Tuesday, December 18, 2012

This is the first time in my life I’ve ever been sick to death of fonts.

Welcome to Marcy’s Ongoing Font Disaster. After more quirky behavior from my iMac computer today I spent another three hours deleting an additional 200+ corrupted fonts — not counting the 350 I deleted yesterday; see previous post — that showed up in my system file with little red and yellow “danger” tags. When I finished I was half-blind but feeling technologically superior, so I decided to unwind and design a couple of birthday cards. That’s when I ran into some exceptionally crazy crap with a corrupted InDesign document. I had to “force quit” InDesign and Photoshop at least half a dozen times and restart my Mac over and over and over, and in the process more than half of my remaining fonts — the HEALTHY ones! — vanished from the face of the earth.

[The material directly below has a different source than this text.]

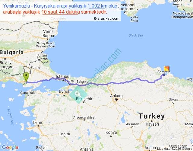 Yenikarpuzlu - Karşıyaka arası yaklaşık olarak 90 km/h ile yukarıda belirtilen sürede olup, iki yerin kuş uçuşu uzaklığı (mesafesi) 840'dir. Eğer belirtilen yerler arasında uçak seferi var ise bu süre uçakla 1 saat 17 dakika'ya kadar düşebilir. Yolculuk otobüsle 13 saat 57 dakika sürmektedir.
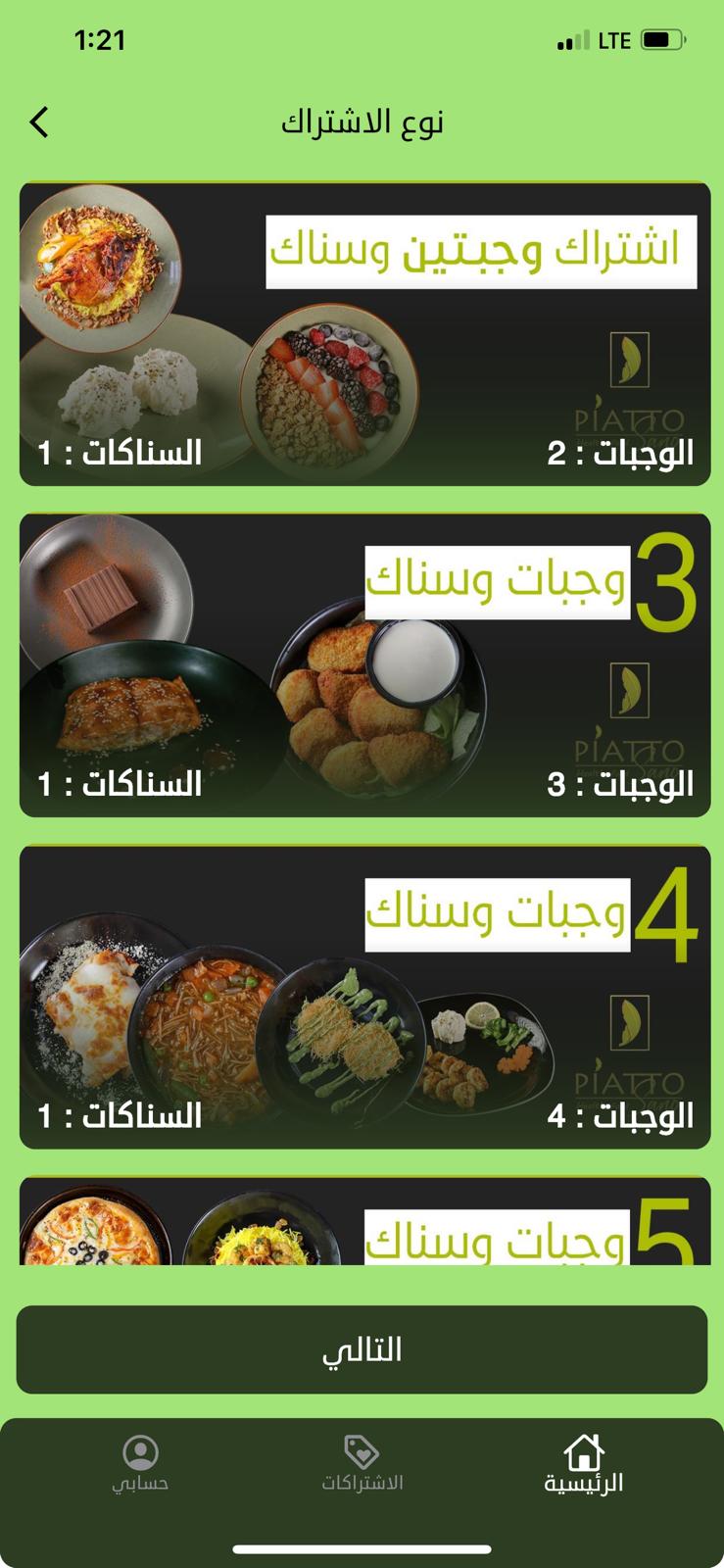اختيار الوجبات المناسبه لك عن طريقك واختيارك بالتطبيق

I devoted the remainder of the day to hunting down and reinstalling the fonts that got away. I had zip files for lots of them (thank God) but had to prowl around on half a dozen different websites to download some others. It’s already after 7 p.m. and I’ve been dealing with this horseshit since Sam left for work at 1:15. MY BRAIN IS FRIED. After nearly three decades as a Macintosh owner, I can honestly say this is the first time I’ve ever been sick to death of fonts!

While I sit here contemplating an order of therapeutic Mongolian chicken I’m thinking that new perfume would be really swell, too. I got a Macy’s Christmas flyer in the mail today with one of those rub-it-on-your-wrist scented paper samples for Dior J’adore, pictured at right. This crap smells GREAT so I go to Fragrancenet.com to order myself a bottle and discover that it’s selling for $97.19 ... and that’s the DISCOUNTED price.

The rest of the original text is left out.